Work instructions: Return the data below in full and exactly, except that the pictures are dropped.

[Given data — start]

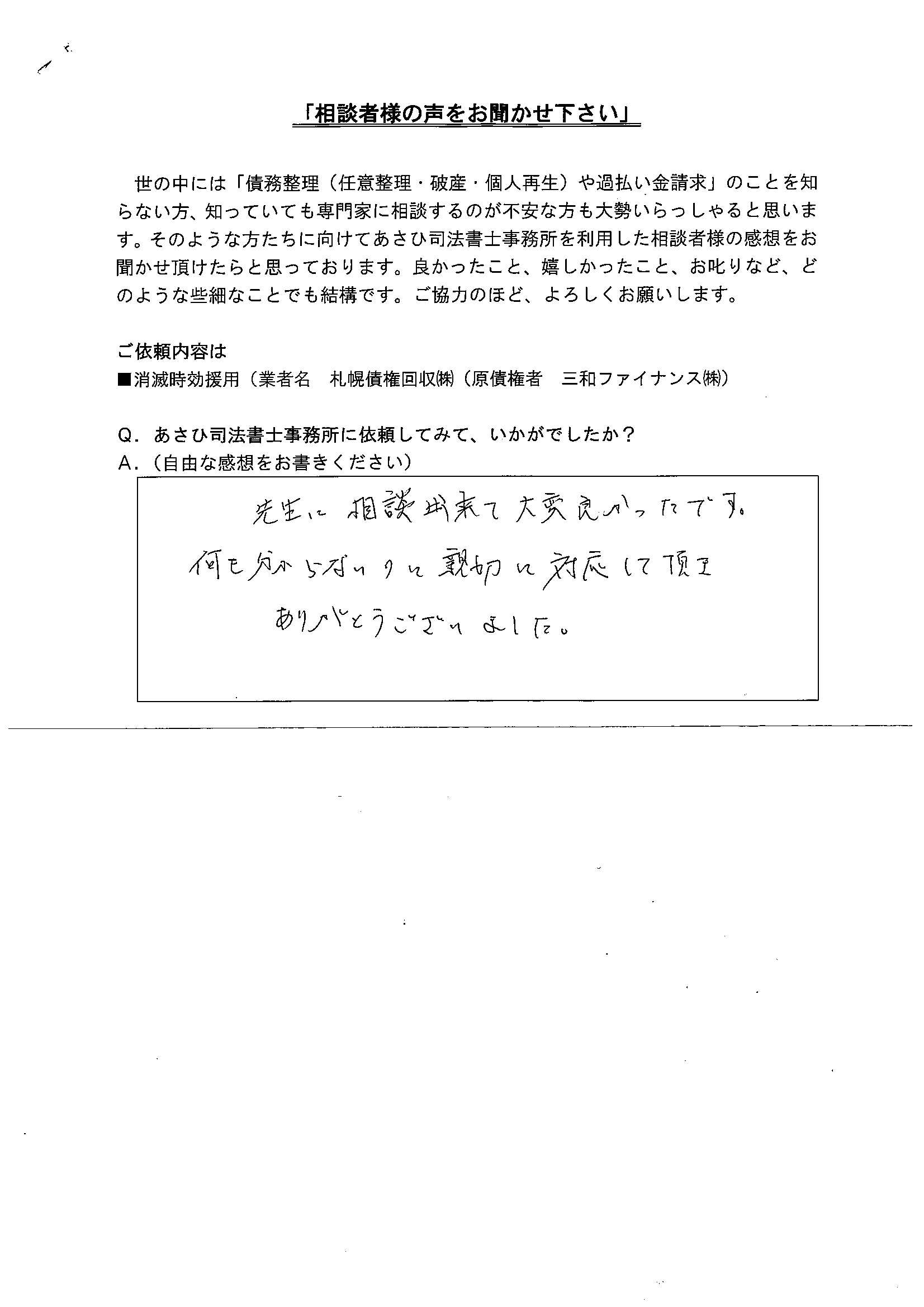 A. 先生に相談出来て大変良かったです。何もわからないのに親切に対応して頂きありがとうございました。
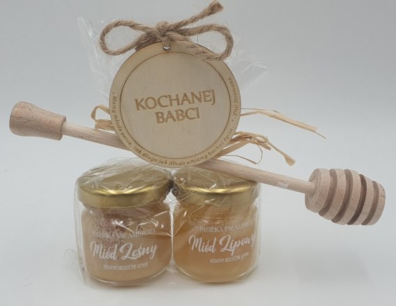 Zestaw babci 3 miody+miodziarka+tabliczka
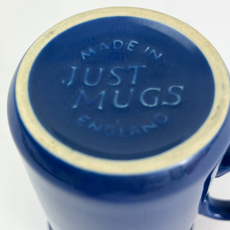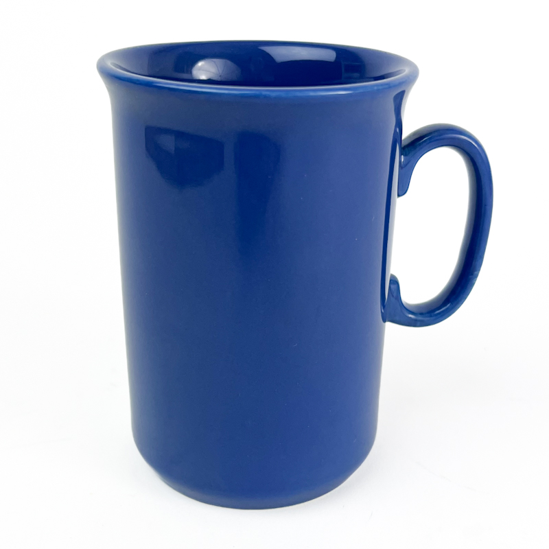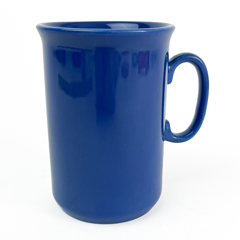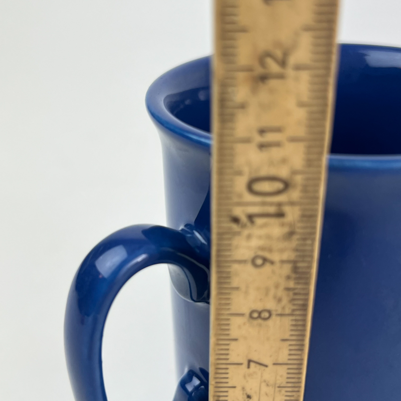 Smukt engelsk retro krus i dyb blå glasur med klassisk, enkel form.
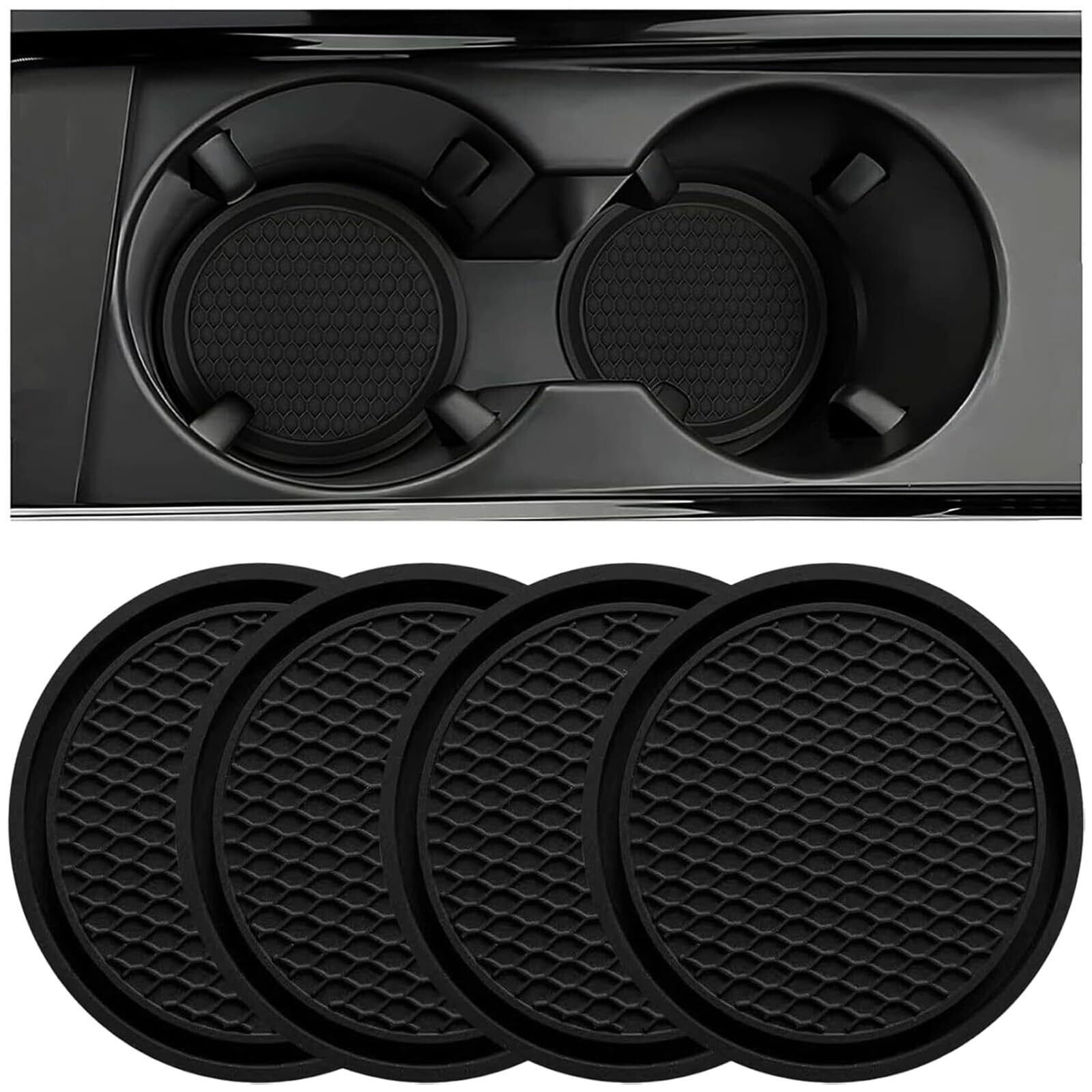 【在庫処分】カーカップコースター、オーナメントコースターに埋め込まれたユニバーサルノンスリップカップホルダー4個、カーインテリアアクセサリー(black)

[Given data — finish]

Output for this task:
 A. 先生に相談出来て大変良かったです。何もわからないのに親切に対応して頂きありがとうございました。
 Zestaw babci 3 miody+miodziarka+tabliczka
 Smukt engelsk retro krus i dyb blå glasur med klassisk, enkel form.
 【在庫処分】カーカップコースター、オーナメントコースターに埋め込まれたユニバーサルノンスリップカップホルダー4個、カーインテリアアクセサリー(black)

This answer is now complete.